By far the hardest part about leaving for college was realizing that I would not be living under the same roof as my two best friends. Yes, it sounds so cliche, but my little sisters are truly my best friends. Having little sisters has so many benefits, big and small. For me, they are two extensions of my own closet, my personal makeup artists, and they are the ones I go to when I need an honest opinion. Little sisters, if they are anything like mine, are always there to tell you that you deserve more than that dumb boy, they’re there to defend you when you are in deep shit with your parents, and they are the people who know you better than you know yourself. If college has made me realize anything, it is that friends come and go, but sisters are forever.

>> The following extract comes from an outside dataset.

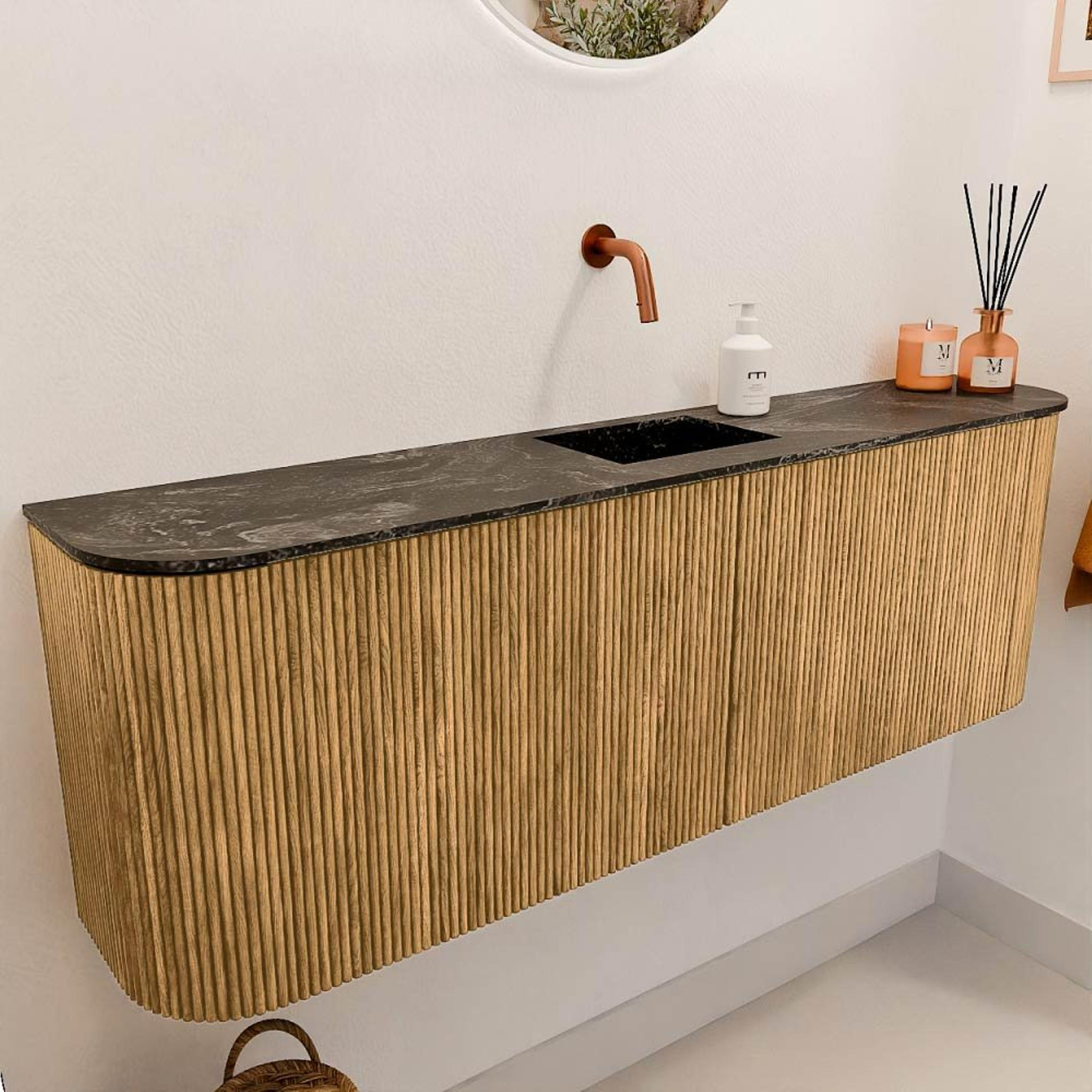 Deze elegante en praktische oplossing brengt direct warmte en stijl in jouw badkamer. Met zijn royale afmetingen en subtiele rondingen aan beide zijden, vormt dit meubelstuk een echte blikvanger zonder te overheersen. De combinatie van massief eikenhout aan de voorkant en eikenfineer aan de zijkanten zorgt voor een natuurlijke uitstraling die je badkamer een rustgevende en luxe sfeer geeft. De wastafel in de kleur Lava, centraal geplaatst en zonder kraangat, biedt je de vrijheid om zelf de kraan te kiezen die het beste bij jouw stijl en wensen past. Dankzij het slimme ontwerp met een diepte van slechts 24,5 cm is dit meubel ideaal voor zowel ruime als compacte badkamers. Het geheel wordt aan de wand gemonteerd, wat zorgt voor een luchtige en moderne uitstraling. Zo geniet je niet alleen van een functioneel meubel, maar ook van een stijlvolle upgrade die jouw badkamer transformeert tot een plek waar je elke dag met plezier begint en eindigt.Stijlvol

I never realized just how much I depend on my sisters until I was away at college. Granted, I am only a short 30 minute drive from home, but 30 minutes feels like forever when you are having a bad day and can’t just hop into bed with your sisters, eat popcorn, and watch Netflix. I can honestly say that my sisters have seen me at my absolute worst. They have been with me for the lowest points in my life, and still continue to love me endlessly and unconditionally. If I am being ridiculous and overreacting about something incredibly minuscule, they are the first ones to let me know with a “Really Nat?”

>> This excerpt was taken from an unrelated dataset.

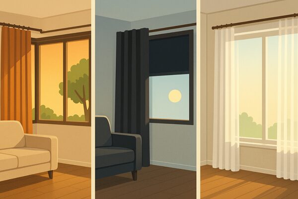 • 防音性の付加: 道路に面した窓の場合、高密度の厚手カーテンや、遮音性能を持つ裏地を付けることで、外部の騒音を軽減し、静かな室内環境を実現します。

Everyone has dealt with their fair share of heartbreak, and I have found that my sisters are the ones who know just what to say to mend it all. “You are so much stronger and deserve better than that” or a “Ew, he’s gross and stupid don’t give him any more of your time” are just some of the words that have literally turned my world around and made me feel alright again. When I feel as though my entire life is crashing down, my sisters are the ones who remind me that tomorrow is another day, and that pain does not last forever.

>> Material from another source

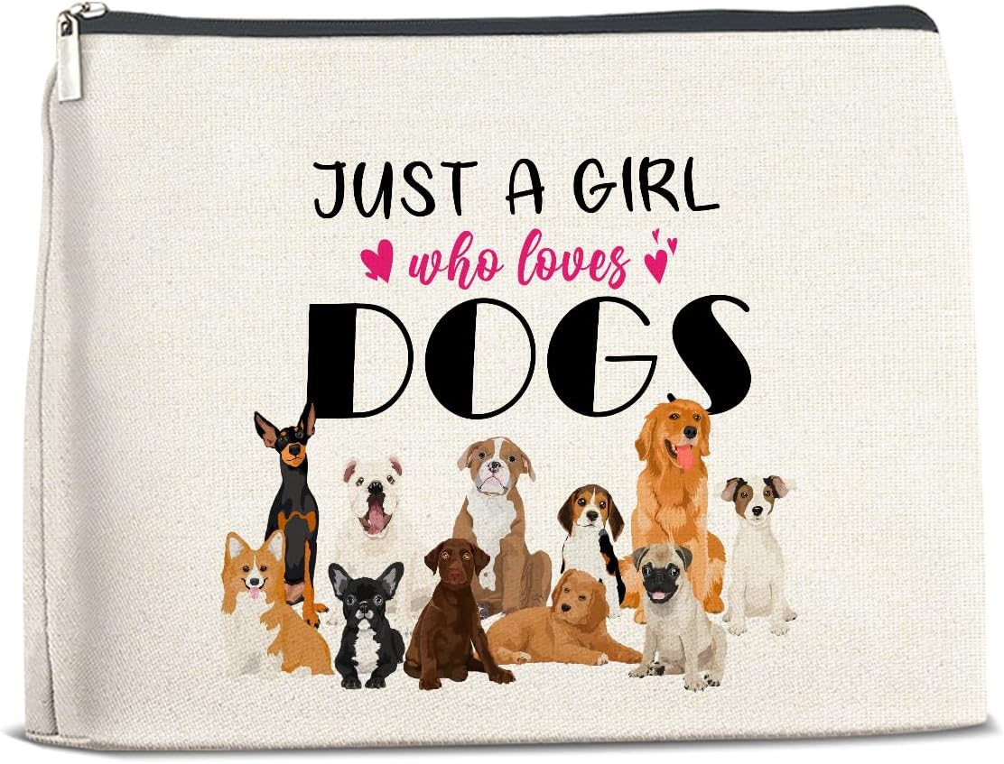 Dog Lover Gifts Makeup Bag - Cute Just a Girl Who Loves Dogs Travel Cosmetic Bag with Zipper, Christmas Gift for Women Dog Lovers

I am definitely the weirdest version of myself with my sisters. There are no two people on this earth who I feel like I can be my complete and utter self with. It gets scary at times, because I don’t realize that normally people don’t nakedly walk into other people’s rooms borrow clothes. Wearing no clothes around my sisters is oddly comfortable, but when it comes to almost committing a fashion faux-paus, they come in clutch with a “do not wear that in public you will embarrass us.” From the countless dance parties that usually resulted in our mom telling us to turn down the music, to late night Wendy’s runs, to having inside jokes that no one could begin to comprehend, my sisters are the people who have seen it all--the good, the bad, and the downright bizarre.
To say I have no idea where I would be without my sisters is an enormous understatement; I would not be the person I am today if I did not have them in my life. In tough situations, I often think to myself “what would Deede/Elena do in this instance?” Or if I am faced with a decision that tests what I stand for, I think “is this something that Deede/Elena would be proud of?” While I am the eldest sister of the family, I don’t think my sisters realize how much I look up to them. They push me to be stronger and remind me not to take shit from anybody, never to settle for less than I deserve, and above all else to never change for anybody, because I would not be the same, weird, silly, loving older sister if I did. So to Deede, Elena, and all of the siblings out there that us eldest siblings could not live without, this one’s for you.